---
title: Filter table data
sidebar_label: Filter
---

This guide covers filtering table data in Deephaven. Many different table operations filter data in a table. Some keep data based on conditional formulas, whereas others keep data based on row positions or columns.

These table operations keep rows that match one or more conditional filter formulas:

- [`where`](../reference/table-operations/filter/where.md)
- [`where_one_of`](../reference/table-operations/filter/where-one-of.md)

These table operations keep rows based on row position:

- [`head`](../reference/table-operations/filter/head.md)
- [`tail`](../reference/table-operations/filter/tail.md)
- [`slice`](../reference/table-operations/filter/slice.md)
- [`head_pct`](../reference/table-operations/filter/head-pct.md)
- [`tail_pct`](../reference/table-operations/filter/tail-pct.md)
- [`slice_pct`](../reference/table-operations/filter/slice-pct.md)

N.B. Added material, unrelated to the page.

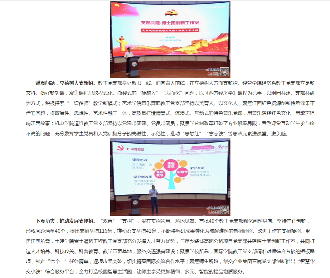 下真功夫,推动发展支硬招。“双百”“支招”,贵在实招管用、落地见效。首批40个教工党支部强化问题导向、坚持守正创新,形成问题清单40个,提出支招举措116条,推动落实举措42条,不断将调研成果转化为破解难题的新招妙招、改进工作的实招硬招。聚焦江西所需,土建学院岩土道路工程教工党支部充分发挥人才智力优势,与萍乡绕城高速公路项目党支部共建博士团创新工作室,共同打造人才培养、科技攻关、科普教育、教学示范基地,服务交通强省建设;聚焦学校所急,国际学院教工党支部精准对标综合考核的短板弱项,制定“七个一”任务清单,逐项攻坚突破,切实提高国际交流合作水平;聚焦师生所盼,华交产业集团直属党支部创新推出“智慧华交小铁”综合服务平台,全力打造校园智慧生活圈,让师生享受更加精细、多元、智能的提品增质服务。

These table operations keep rows based on matching values in one or more columns of a separate table:

- [`where_in`](../reference/table-operations/filter/where-in.md)
- [`where_not_in`](../reference/table-operations/filter/where-not-in.md)

## Conditional filtering

Conditional filtering applies one or more [filters](./filters.md) to keep rows that meet the specified criteria. Comparison formulas can use [match filters](#match-filters), [range filters](#range-filters), [string filters](#string-filters), and [regular expression filters](#regular-expression-regex-filters). Comparison formulas must equate to either `true` or `false`. When `true`, Deephaven keeps the row. When `false`, Deephaven excludes the row.

The following code block imports the [Iris dataset](https://en.wikipedia.org/wiki/Iris_flower_data_set) found in [Deephaven's example repository](https://github.com/deephaven/examples). Subsequent examples filter this data using comparison formulas:

```python test-set=1 order=iris
from deephaven import read_csv

iris = read_csv(
    "https://media.githubusercontent.com/media/deephaven/examples/main/Iris/csv/iris.csv"
)
```

### Match filters

Match filters set forth one of the following criteria:

- Equality (`=` and `==`): If a value is equal to another value, the result is `true`. Otherwise, the result is `false`.
- Inequality (`!=`): If a value is _not_ equal to another value, the result is `true`. Otherwise, the result is `false`.
- `in`: If a value exists within a set of values, the result is `true`. Otherwise, the result is `false`.
- `not in`: If a value does _not_ exist within a set of values, the result is `true`. Otherwise, the result is `false`.
- `icase in`: The same as `in`, but ignores capitalization of letters. Only use this to filter string columns.
- `icase not in`: The same as `not in`, but ignores capitalization of letters. Only use this to filter string columns.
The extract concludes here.